CHICAGO (TND) — President Joe Biden gave his party a heartfelt goodbye in the keynote speech of the first night of the Democratic National Convention to cap a night centered around honoring his legacy while passing the torch to Vice President Kamala Harris and the next generation of leaders.
Biden took the stage to a long round of applause lasting nearly five minutes and chants of “We love Joe” as many held up signs in the crowd with the phrase printed on it, which appeared to make him emotional as he wiped away tears before launching into his remarks.
Biden directly referenced the turmoil that surrounded the weeks following debate prior to his decision to drop out and acknowledged elevating Harris gave his party a better chance of defeating Trump.
“I love the job, but I love my country more,” Biden said, also denying he was angry at Democrats who wanted him to step aside. “It’s not true. I love my country more, and we need to preserve our democracy.”
The speech Biden delivered Monday night was drastically different than the one he thought he would be giving just a month ago when he was still the party’s presidential nominee amid doubts about his candidacy following a disastrous debate performance that enflamed preexisting concerns about his advanced age and ability to serve for another four years.

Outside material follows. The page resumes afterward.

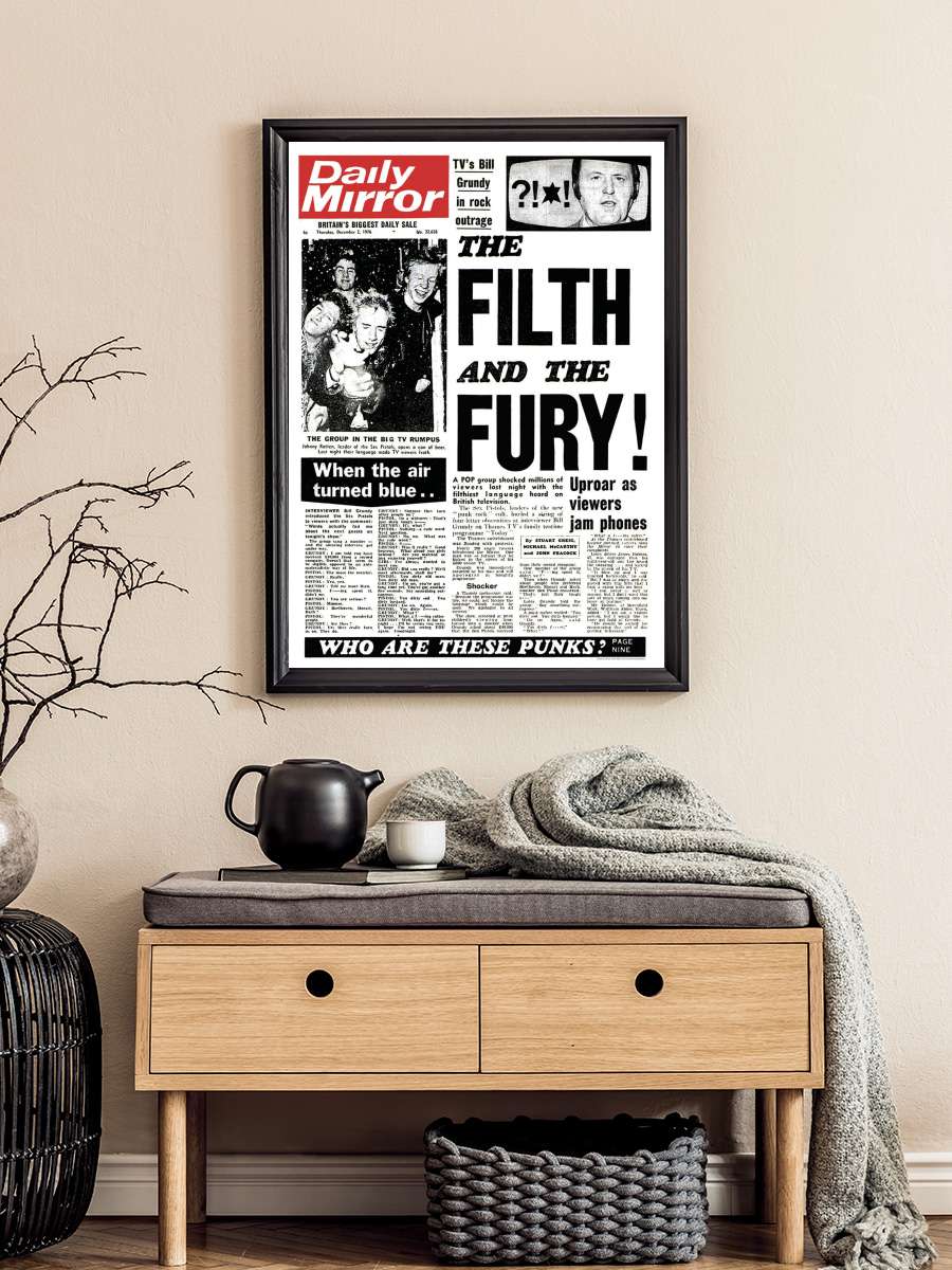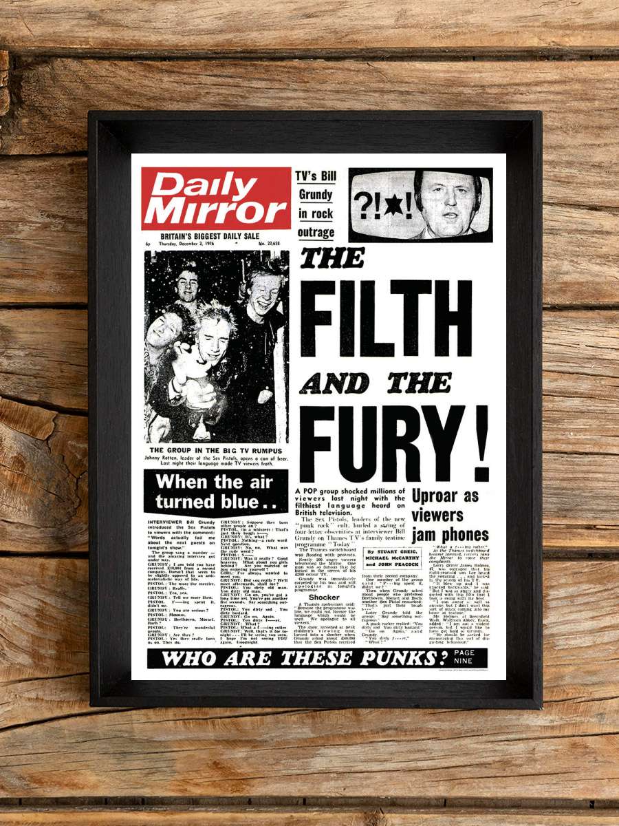 Sex Pistols - Daily Mirror Müzik Poster Tablo Siyah Çerçeveli Yüksek Kalite Müzik Duvar Tablo

Instead of getting his first experience at the party’s national convention accepting the presidential nomination, an experience he missed out on in 2020 due to the pandemic forcing it to be virtual, Biden was there to say his final goodbyes to voters with just months left in office and a quickly approaching exit to national politics.
It was a cap on a whirlwind four weeks in presidential politics that started with his poor showing in the first and ultimately only debate against Trump, immediately plunging his candidacy into peril as voters gravitated toward the former president and allies in his own party doubting his ability to continue leading into the future. His decision to drop out of the race and endorse Harris came after weeks of deliberation with his campaign and White House staff, longtime aides, allies in Congress and his family.
Many members of the Biden family were present to watch the president deliver his keynote address, with first lady Jill Biden and his daughter Ashley introducing him to the crowd.
“Kamala and Tim, you will win,” she said. “You are inspiring a new generation. We are all a part of something bigger than ourselves, and we are stronger than we know.”
Ashley Biden, Biden’s youngest child and his only with Jill Biden, described what life was like with a father whose life was centered around serving his country for decades. She also described him as the “O.G. girl dad” and praised his work to help the women of the United States.
“He wasn’t just a girl dad, I could see that he valued and trusted women, how he listened to his mother, how he believed in his sister and most of all, how he respected my mother’s career,” his daughter said. “You always tell us, but we don’t tell you enough that you are the love of our lives and the life of our love.”
While Biden’s speech was meant to be focused on turning the page toward the future, he also focused a lot of his speaking time highlighting his own accomplishments in office and assailing Trump for policy decisions and what Biden describes as behavior destructive to American democracy itself.
“With a grateful heart, I stand before you now on this August night to report that democracy has prevailed,” Biden said. “Democracy has delivered. And now democracy must be preserved.”
Biden has spent much of the race against Trump trying to paint him as a threat to democracy, pointing to the Jan. 6 riot at the Capitol and several inflammatory things Trump has said in the time since leaving office amid claims of the election being stolen from him.
Biden also retold the story that brought him back into national politics in the 2017 "unite the right" rally in Charlottesville, Virginia where white supremacists carrying torches marched through the city.
“I could not stay on the sidelines,” Biden said. “So I ran. I had no intention of running again. I’d just lost part of my soul. But I ran with a deep conviction.”
He also flexed his administration's successes from his time in office like the massive bipartisan infrastructure bill and legislation placing a cap on the price on insulin. He also tried to make an appeal across the aisle, noting that the vast spending enacted under his administration resulted in more investments in red states than blue ones.
"The job of the president is to deliver for all of America," he said.
The president capped off his moment in the spotlight off with a full-throated endorsement of Harris and gratitude for being able to serve his country for 50 years.
“America, I gave my best to you,” Biden said. “For 50 years, like many of you, I’ve given my heart and soul to our nation and I’ve been blessed, a million times in return, with the support of the American people.”